Austin N. Kirschner, Jessica Sorem, Richard Longnecker, Theodore S. Jardetzky*

*Corresponding author for this work

Research output: Contribution to journalArticle

42 Scopus citations

Abstract

Epstein-Barr virus requires glycoproteins gH/gL, gB, and gp42 to fuse its lipid envelope with B cells. Gp42 is a type II membrane protein consisting of a flexible N-terminal region, which binds gH/gL, and a C-terminal lectin-like domain that binds to the B-cell entry receptor human leukocyte antigen (HLA) class II. Gp42 triggers membrane fusion after HLA binding, a process that requires simultaneous binding to gH/gL and a functional hydrophobic pocket in the lectin domain adjacent to the HLA binding site. Here we present the structure of gp42 in its unbound form.
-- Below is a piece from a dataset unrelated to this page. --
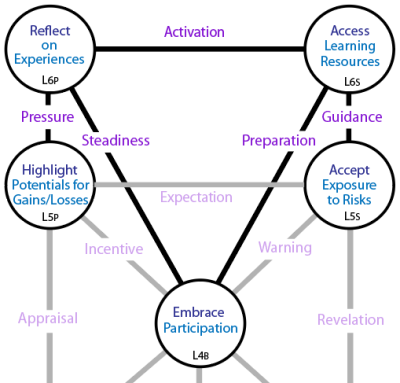 The embrace of participation acts as a stabilizer and focus for reflecting on experiences. Reflecting on experiences is helpful in moderating and steadying the extent of participation.

Comparisons to the previously determined structure of a gp42:HLA complex reveals additional N-terminal residues forming part of the gH/gL binding site and structural changes in the receptor binding domain. Although the core of the lectin domain remains similar, significant shifts in two loops and an α helix bordering the essential hydrophobic pocket suggest a structural mechanism for triggering fusion.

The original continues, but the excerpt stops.